Marie-Pierre Étienne

Statistics, MCF
Institut Agro Rennes-Angers

Chloé Azencott

Machine Learning
CR MinesParisTech

Ghislain Durif

Stats/ML/dev, IR CNRS
LBMC, ENS LYON

What is reproducible research?

Fundamentally, it provides three things:

Tools to reproduce the results (that’s like cooking)

A “recipe” to reproduce the results (still like cooking)

A path to understand the results and the process that led to them (unlike cooking…1)

Pre-Computo era

The pdf era and paper submission.

The reproducibility was not a priority:

  • Tools has to be bought, installed, and maintained
  • Data and code were not shared (social engineering
  • Even methodology details are often missing

Social engineering required to get reproducible results: at best you just have to ask the authors, at worst you have to reverse-engineer everything… and have no guarantee whatsoever to get to the same results, when authors are in a “Après moi, le déluge” mood and ditch, forget or let it crumble once the paper is published.

And then in the Machine Learning domain, there was distill.pub [1]
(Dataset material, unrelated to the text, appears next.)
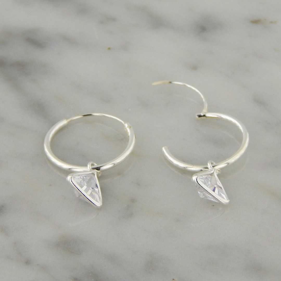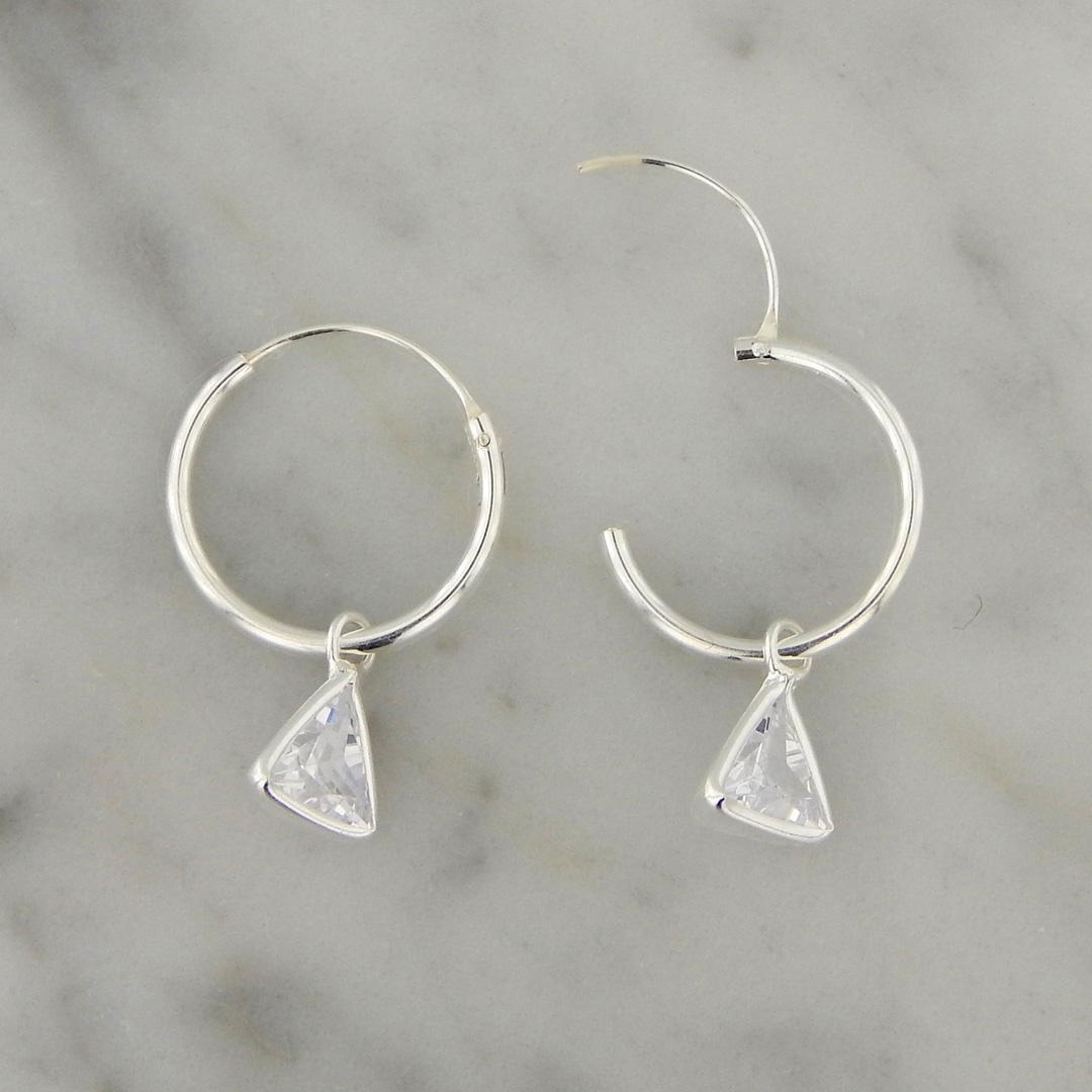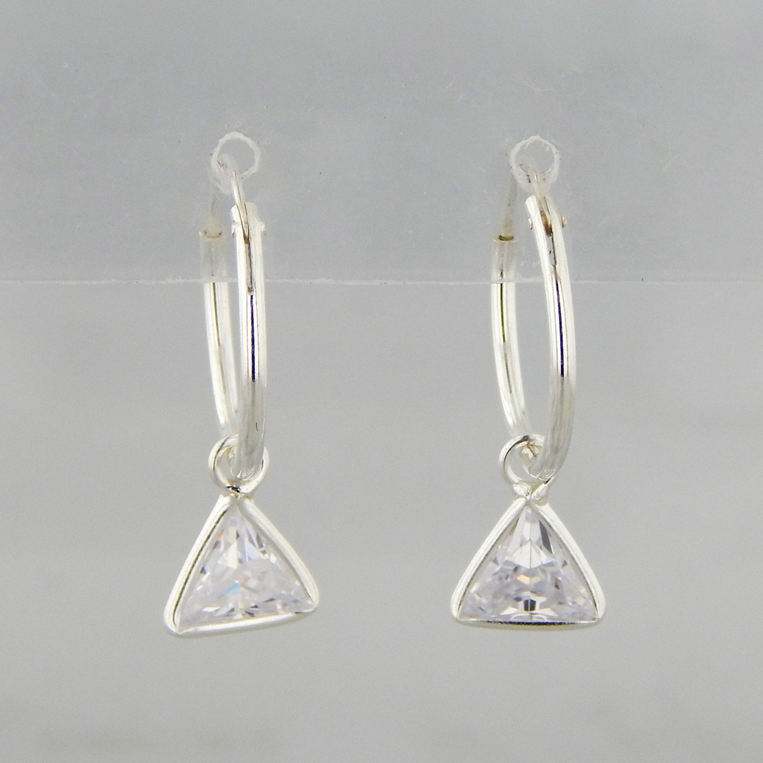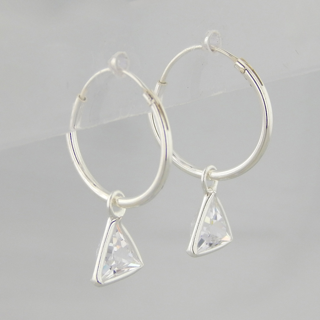 Aros de Plata tipo Argolla de 13 mm de Diámetro con Dije Colgante de Cubic Triangular de 6 mm de Lado.

  • state-of-the art visualizations
  • paradigm shift in the scientific publication: “distillation” of complex ideas
  • 100% reproducible (just a git clone and a few standard commands)

but…

 

engineering was too complex for the average scientist (a lot of javascript, etc.)

In fact, the distill.pub project was discontinued in 2021 [2]

Due to a serie of burnouts from the staff

The Rise of the Pragmatic

distill.pub’s goals were right, but they outpaced themselves in terms of development complexity.

  • Computo is a fresh start with a pragmatic approach
  • leverage what the scientific community is already using (Rmarkdown, Jupyter notebooks, etc.)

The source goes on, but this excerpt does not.